I yearn for order; for handles I can grasp in order to act purposefully in the world.
Collectivity
It's not either/or; it's both-and, even though both order and chaos together make no sense at all; even though order kills chaos and chaos overwhelms order. But I simply cannot hold this universal tension within myself, all by myself. It is too much. I am too small.
I come back, yet again, to the sense that, though I am too small as an individual, yet I can feel the potential of a well-connected collective to be big enough for this; at least to be significantly larger in scope, in potential. Is this what I've been writing about, around relating in collectivity and collective ikigai? Is this, something like this, what is keeping on nagging at me to be realised, to be brought into both consciousness and action?
So it's back, again and again, over and over, to the first step: to find the others with whom I can constitute the well-connected collective. And, for me, while avoiding the desire for connection becoming itself obsessive, overwhelming, or (counter-productively) off-putting to others. Which, in turn, means finding enough connection from and within mySelf; recognising that the lonely parts of me are not really alone within me, but are co-present with other parts — the order-loving part (relating to stasis and death) is co-present with the life-loving part (related to chaos and overwhelm).
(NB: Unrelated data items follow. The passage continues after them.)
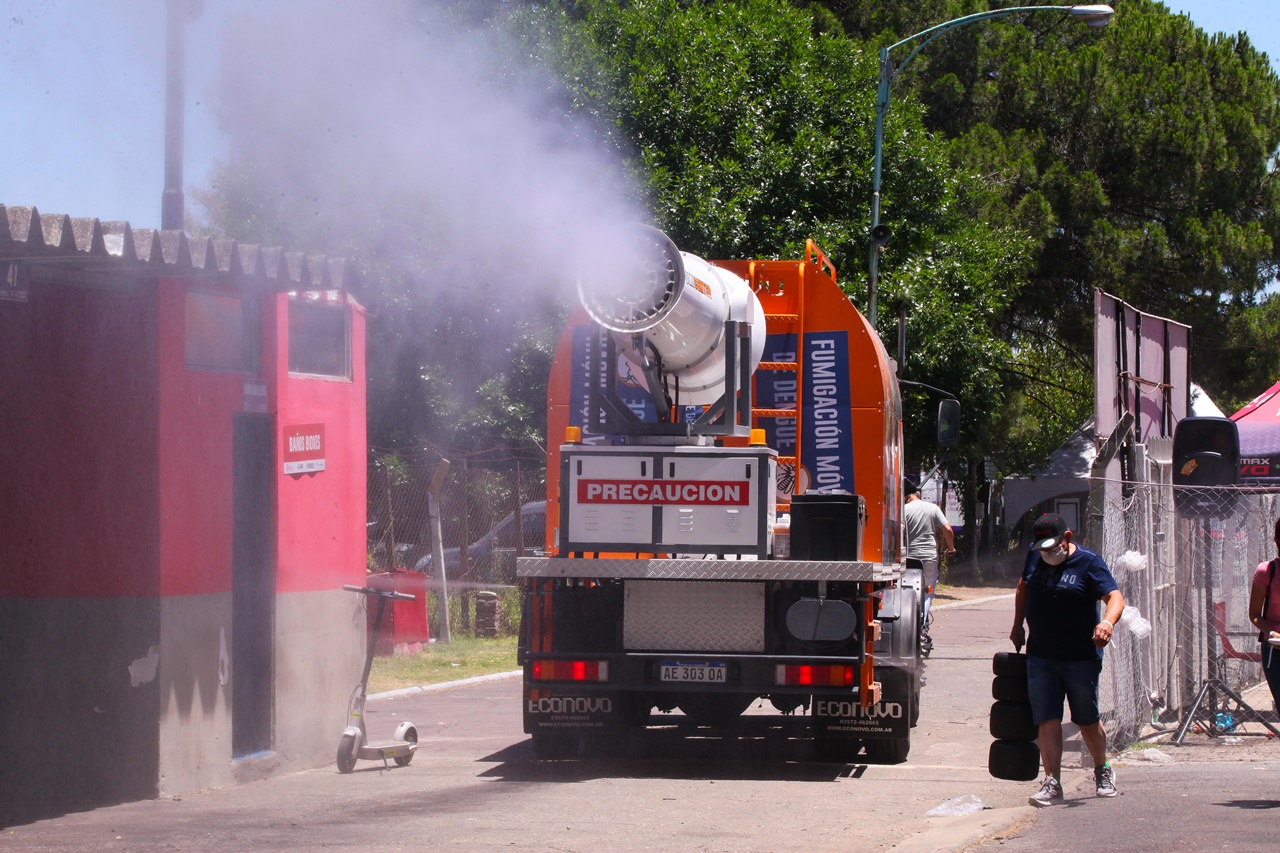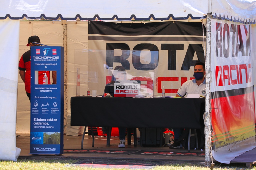 En los ingresos hay pulverizadores para sanitizar a las personas, dispenser con alcohol en gel dispuestos tanto por Rotax como por el kartódromo y la obligación de usar tapabocas. Por los boxes pasó un camión con una turbina sanitizando “a mansalva” como se ve en la foto.
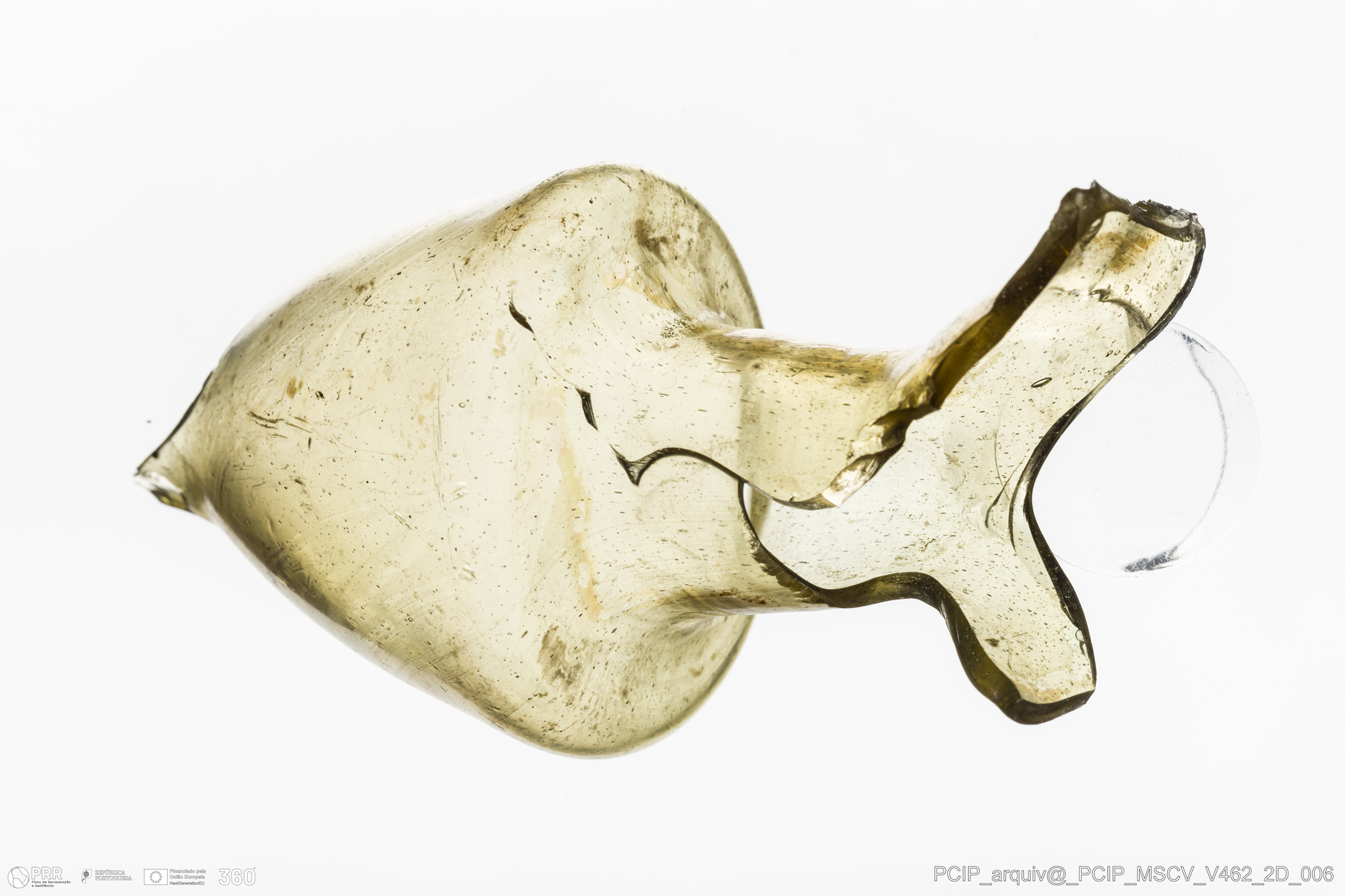 Matéria/Técnica: Vidro; Cronologia: Século XVII; Autoria: Desconhecida; Dimensões: Largura: 43mm; Altura: 90mm.
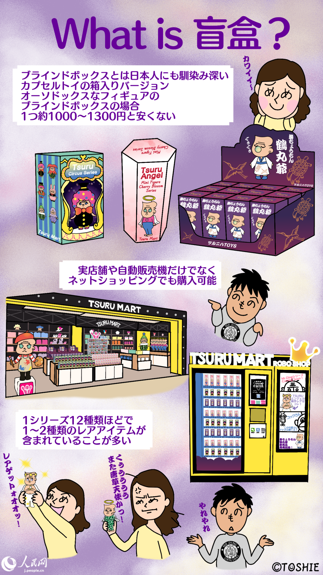 「盲盒」という言葉自体、日本語で紹介する際には、そのまま使用している場合や英語の「Blind Box」や「Mystery Box」から「ブラインドボックス」や「ミステリーボックス」と訳している場合など、その翻訳語にもまだばらつきが見える。ただその実体は、日本人にも馴染みの深いカプセルトイ(いわゆる、ガチャガチャ)の箱入りバージョンだ。とはいえ、カプセルトイが200~300円くらいが相場なのに対し、オーソドックスなフィギュアのブラインドボックスはおよそ1000~1300円ほどと決して安くはない。1シリーズ12種類ほどで、1~2種類のレアアイテムが含まれていることが多い。購入方法は、実店舗や自動販売機の他、ネットショッピングでも購入できる。また、「盲」という字がついていることからもわかるように、箱の中にどのアイテムが入っているかは、買って、開けてみないと分からないため、実店舗でひたすら箱を揺らして中身の見当をつけようとする人、自分の欲しいアイテムを手に入れるため、1ダース大人買いする人などもいる。
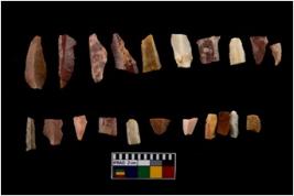 | Description / विवरण | There are n-20 of microliths, all of them are chert. Some of them are partially broken. They show variation in colour, size and shape. Some of them are blunted back baldes, points, triangles, trapezes, crescent and truncated blades. |
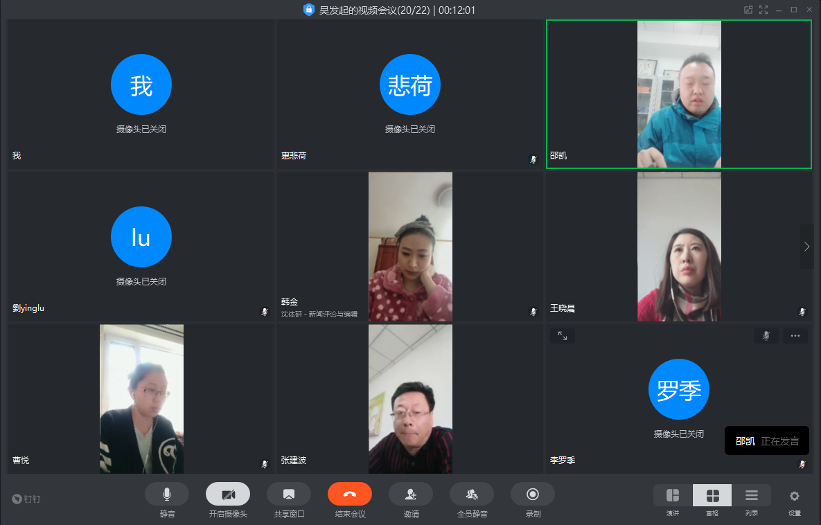 按照学校教务处下发的教务字〔2020〕17 号和研究生处下发的研学字[2020]10号文件关于疫情期间本科生、研究生课程在线教学工作的有关要求,管理与新闻传播学院先后于4月7日中午12:30分召开新学期线上教学工作部署会和4月10日上午10:00召开线上教学工作推进会,集体研究并组织落实各项工作。两次会议均以钉钉视频会议方式进行。会议由院长李芳主持,学院领导班子成员、各教研室主任、教学小组长(本科和研究生)、教学秘书、各年级辅导员以及在线教学工作领导小组成员等22人参加会议。
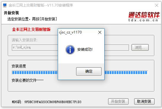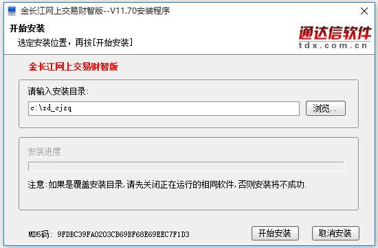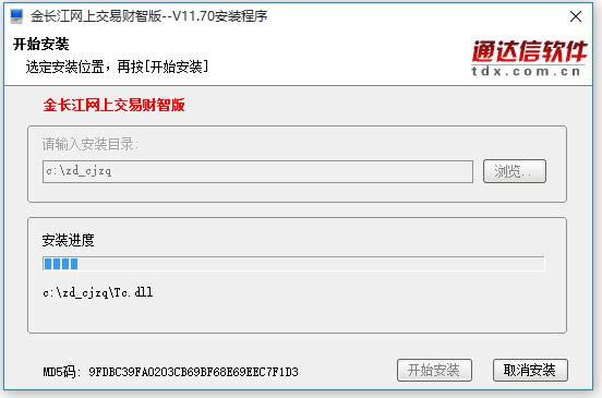 下载金长江网上交易财智版,解压压缩包,双击.exe文件,弹出界面,选择软件安装路径,点击【开始安装】,
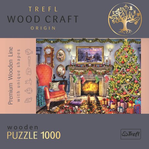 Drevené obojstranné puzzle TREFL z prémiového radu Wood Craft Origin so špeciálne tvarovanými dielikmi, ktoré sú inšpirované Vianocami. Puzzle je vyrobené zo silnej drevovláknitej dosky a vyrezané laserom, vďaka čomu sú okraje hladké a dieliky do seba ľahko zapadajú.
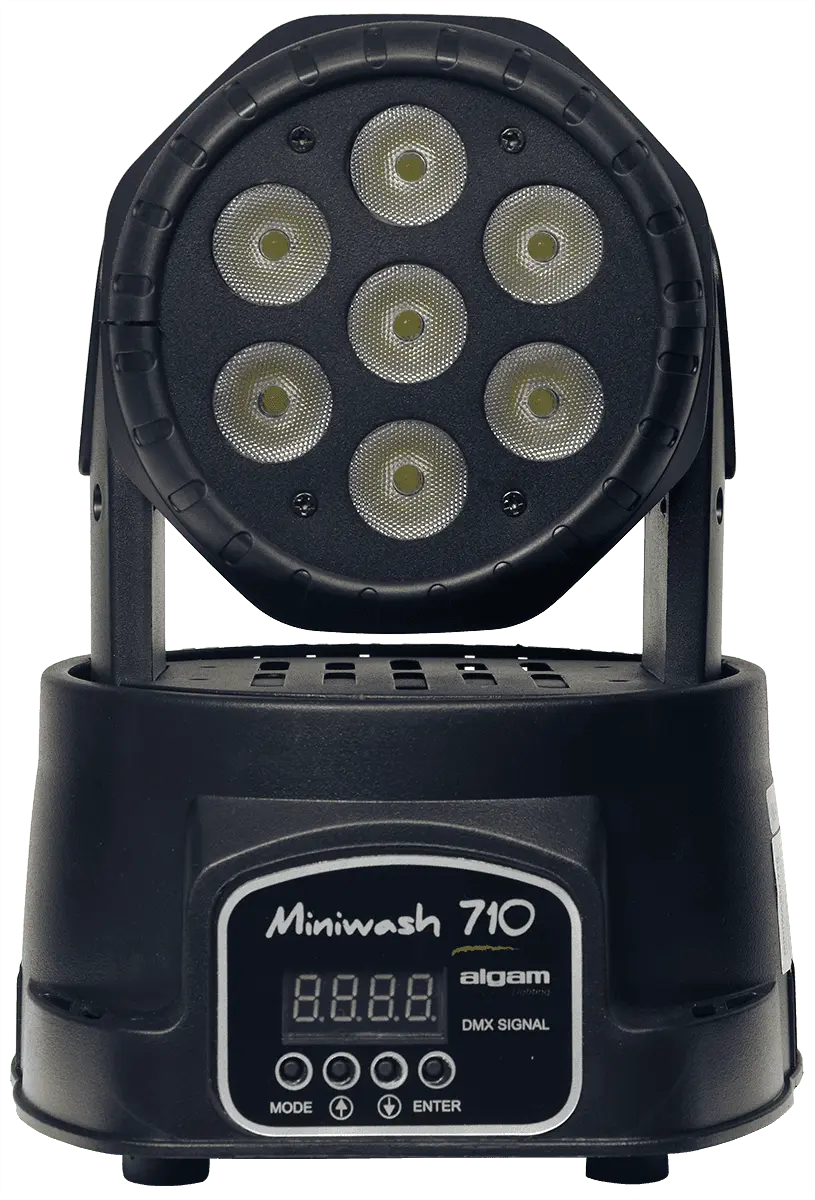 Powerful but compact, the wash moving-head MINIWASH 710 from Algam Lighting has 7 RGBW LEDs for generous and warm light beams. Packed with features for amazingly energetic effects, operating in automatic, music-controlled or DMX mode, it has quiet and stealthy motors that offer pan up to 540° and 270° tilt, ensuring a variety of head-turning moves.
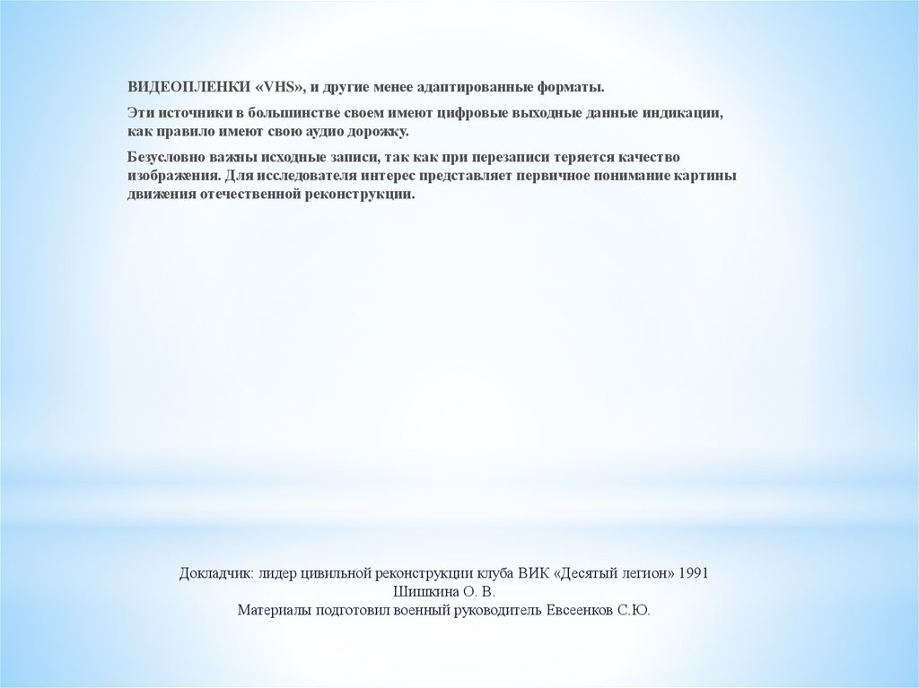 ВИДЕОПЛЕНКИ «VHS», и другие менее адаптированные форматы.Эти источники в большинстве своем имеют цифровые выходные данные индикации,
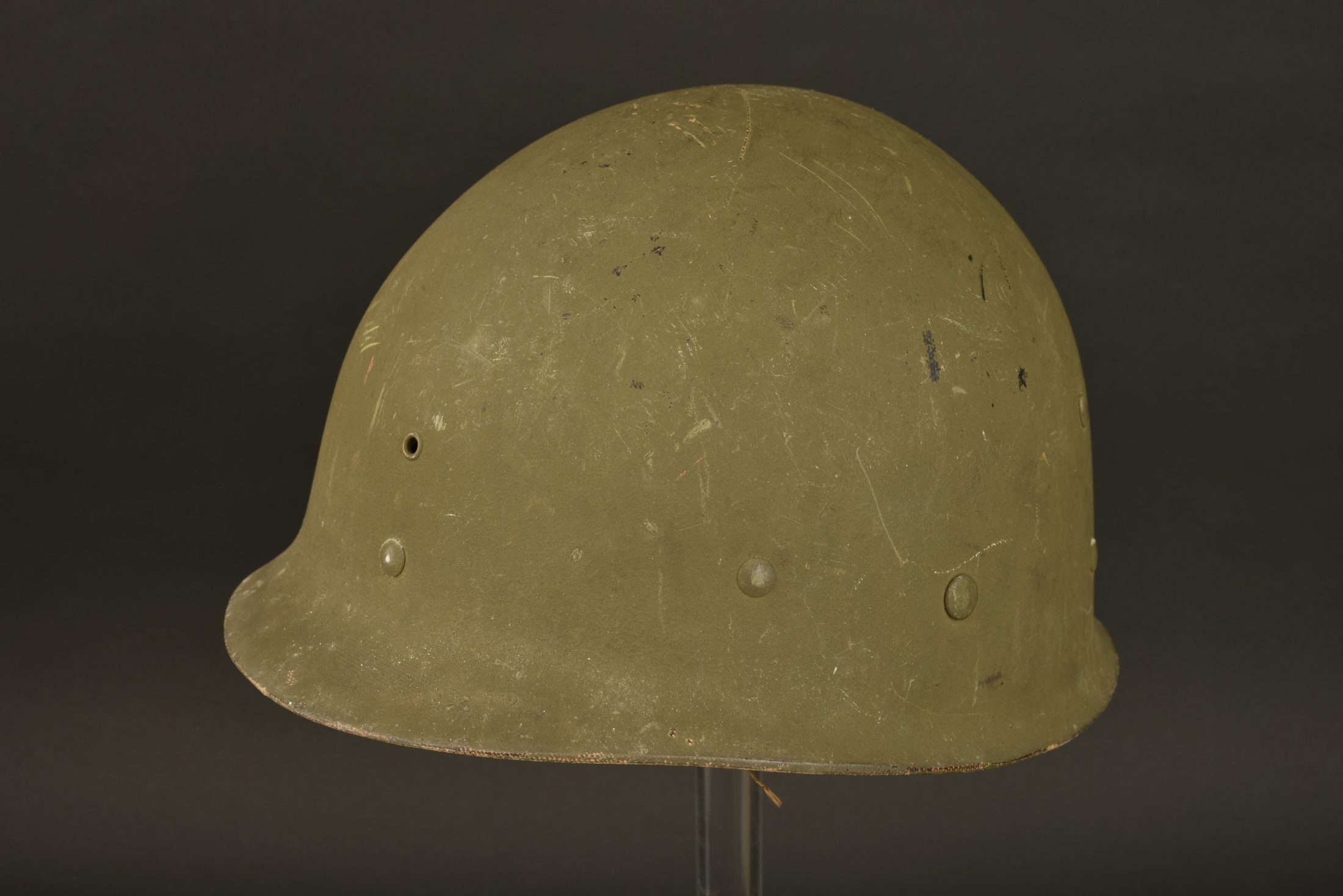 Casque USM1. Coque de casque USM1. Fermeture du jonc à l’avant. Numéro de lot illisible. Pontets fixes. Jugulaires présentes et montées d’origine. Rare système de fermeture tardif T1 équipant un casque retrouvé sur le terrain. Laundry number S-1063, sur la coque, la jugulaire et gravée sur la bordure de la coque. Nombreuses bosses sur la haut de la coque. Peinture et cork à 70%. Liner en matériaux composite haute pression, fabrication Capac. Coiffe complète, jugulaire en cuir complète. Peinture kaki à 90%. A noter une certaine usure et patine de la pièce. Collection Thierry Juif Rosebud. Etat II+. Photos supplémentaires sur www.aiolfi.com. Additional photos on www.aiolfi.com.
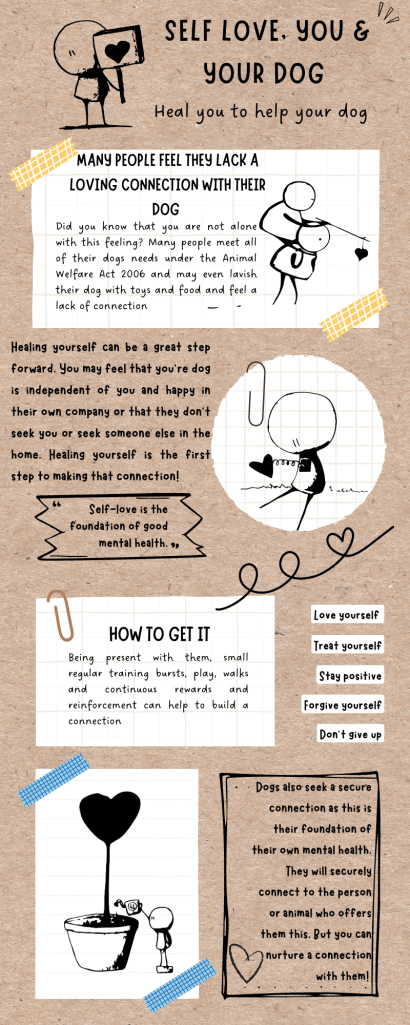 Image description: brown paper like background, infographic size. With the title: Self love, you & your dog and subtitle Heal you to help your dog. The left hand side has a stick person holding a sign with a love heart on it.
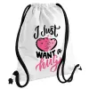 I Just want a hug!, Τσάντα πλάτης πουγκί GYMBAG λευκή, με τσέπη (40x48cm) & χονδρά κορδόνια
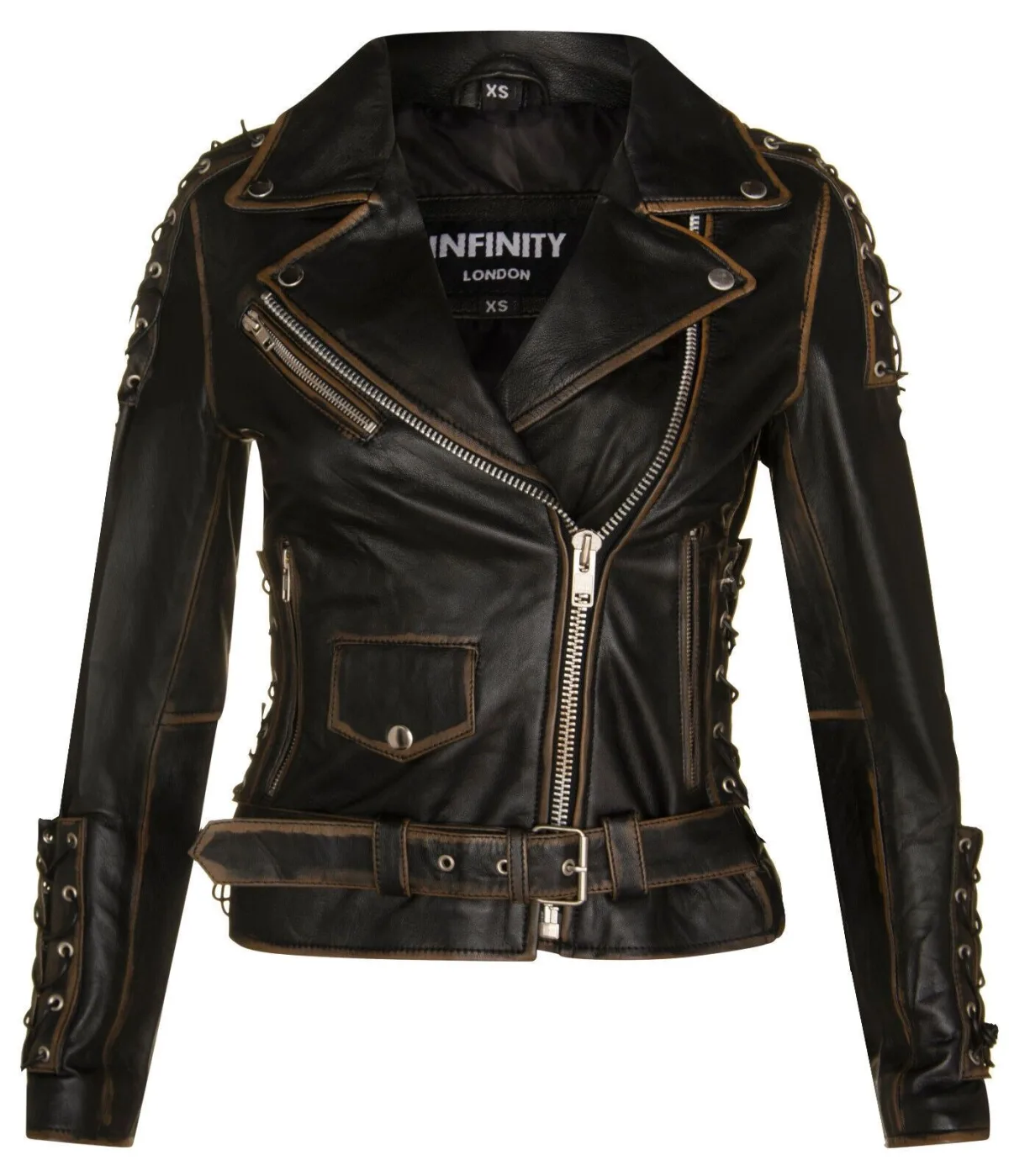 Dames Brando zwart leren bikerjack-Bari Prijzen

A deeper duality to explore sometime: how much can this diversity be realised within the “Internal Family”, and how much more with an external, embodied, family of “choice”? I can only say, as an interim conclusion, “be open, express openness, to connection in this deep way, but don't just externalise it, don't expect it, don't press it on others, who have their own lives to live, their own journeys to follow”. And, equally, don't just be pressed into such a role, even such a high value role, in someone else's life; but do be open and explore, not assuming that it will work, or that that will be enough.
see also
I rediscovered a short piece I wrote in 2016 called Order and chaos inside ourselves. Nice to have moved on a bit.